While Preseault v. ICC did not give the results we wanted, we will have to live with the decision until Congress changes the law. In the last fifteen years citizens and groups have been lobbying Congress and state legislatures to not pass laws that abrogate private property rights as they pertain to reversionary property rights or any property right. Near the end of this article is a list of court cases that have restored the property rights to right of way abutters. While all the cases have not been won, there is hope on the horizon.

NARPO will work with any property owner or groups of property owners to further the preservation of Constitutional rights. Our funds come from donations from property owners around the country and grants from a few corporations and national and state organizations. The U. S. Court of Federal Claims was to be the relief available to property owners if reversionary rights had disappeared because of a rails to trail conversion. The Federal Court of Claims, on May 22, 2002 in Preseault v. U.S., ruled once and for all that the reversionary property owner will get just compensation from the federal government for a rails to trails conversion. Preseault was awarded over $1.5 million for damages to his property and attorney fees accumulated fighting the government. The Federal Court of Claims is an option, but for small property owners it is not a viable option due to court costs. To overcome the cost factor attorneys in Kansas City are filing class action lawsuits in each state and or on each rail trail.

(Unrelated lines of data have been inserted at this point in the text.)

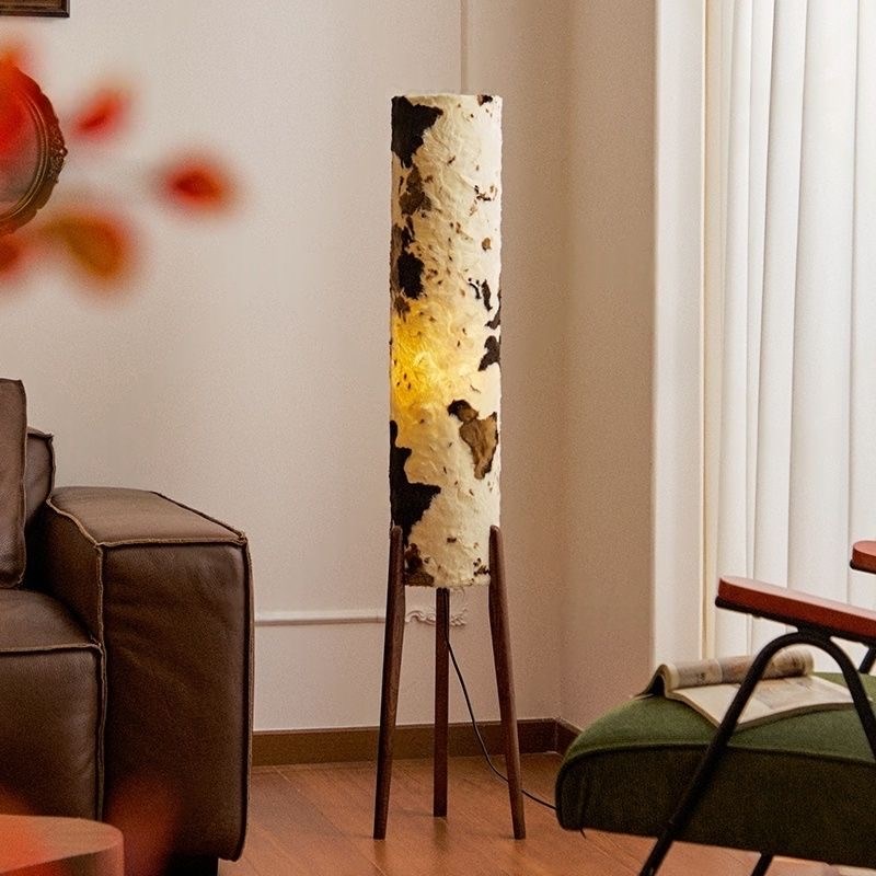 Высокий цилиндрический абажур, установленный на тонкую деревянную треногу.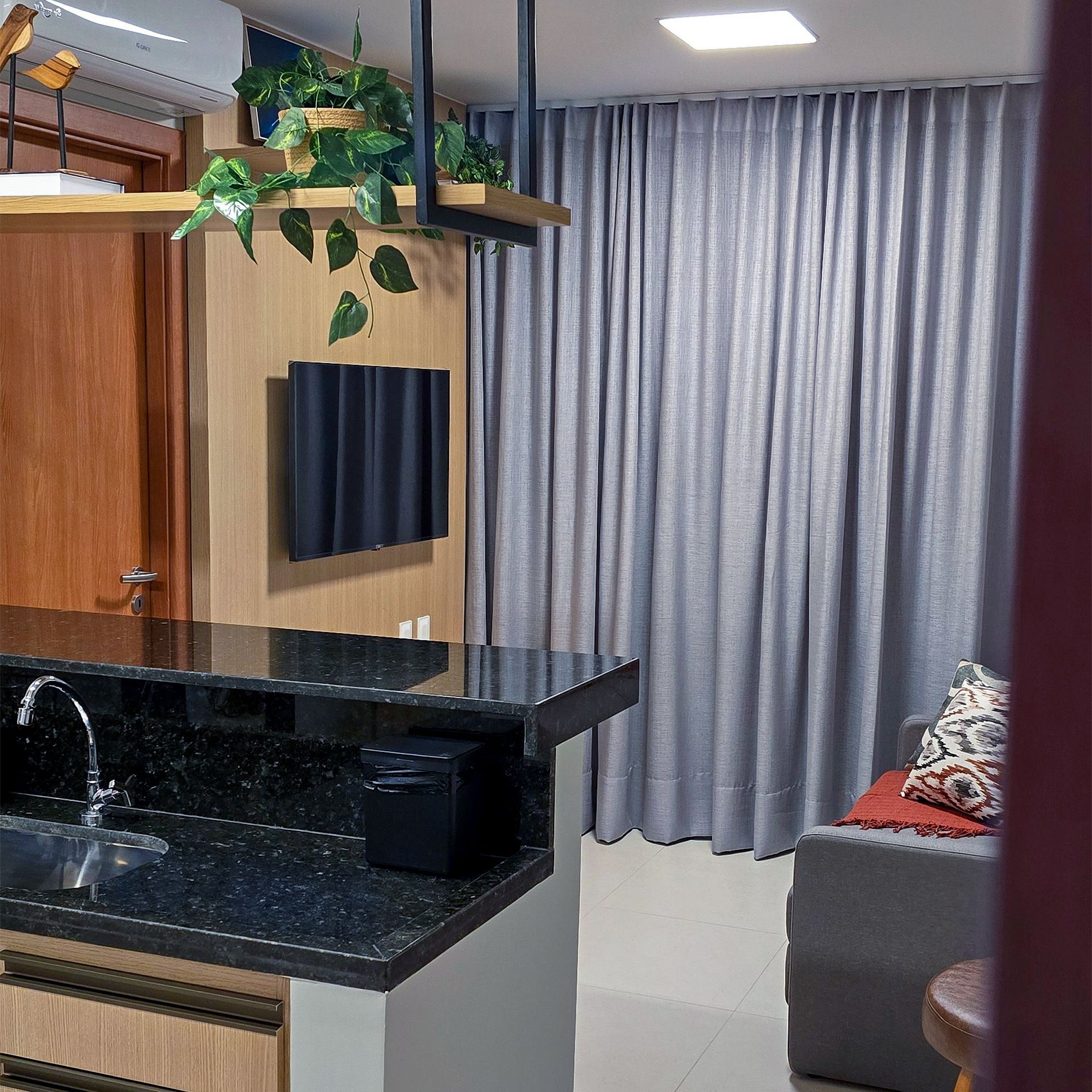 - Ambientes confortáveis e completos: Sala de estar com cortinas blackout, ar-condicionado, Smart TV, quarto com Smart TV, cama queen, cortinas blackout e ar-condicionado, varanda agradável e cozinha totalmente equipada com todos os utensílios necessários para sua estadia.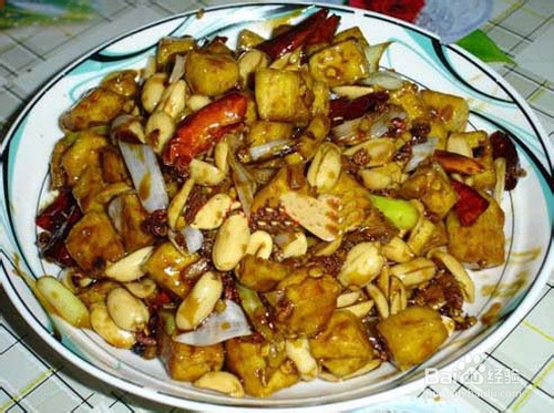 做法:1、先把豆腐切成2厘米见方的小块,用5成热的油炸至金黄色出锅,沥干油待用; 2、花生米用凉水洗净泡一会儿包去红衣,青蒜切花生米大小的段; 3、2勺糖1勺醋2勺番茄酱2勺水1勺酱油调成汁待用; 4、锅中留少些底油,一定要凉油,把辣椒和花生米同时放进锅里慢炒,火要中火,以免把花生米炸糊,要不停的翻炒至金黄色,把豆腐放进锅中炒几下,倒入调好的汁翻炒,上色,放青蒜,盐再炒几下就可以关火出锅了。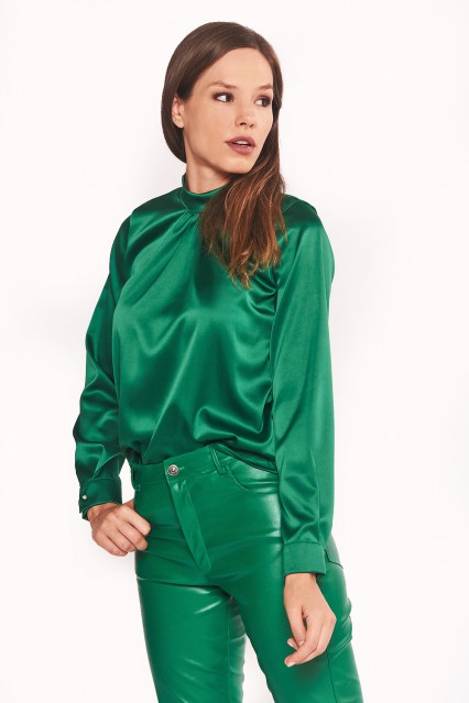 MÁS INFORMACION Realizado en Saten con lycra liso, en una hermosa paleta de colores súper saturados, de alta tendencia en esta temporada. Manga larga, cuello alto con lazo en escote espalda igual tela. Largo a la cadera. Calce clásico que acompañará con suavidad las líneas del cuerpo. Botones metálicos de pie níquel brillante en puños. Una prenda elegante y con mucho estilo que no te podes perder!

Congress and local political action are the only available relief other than going to the Federal Court of Claims. Freedom of Information Act (FOIA) requests at the local and federal level can also go a long way towards knowing what your political opposition is trying to do to you. Great progress has been made lately in educating and influencing Congress and some state legislatures in how they conceive the laws they pass.

NARPO welcomes any ideas and suggestions. If you know of an unused right-of-way, let us know its whereabouts and a contact person in the area. Also, any donations will be gratefully accepted. See the next page for the start of our brochure Railroad Rights-Of-Way: Who Really Owns Them.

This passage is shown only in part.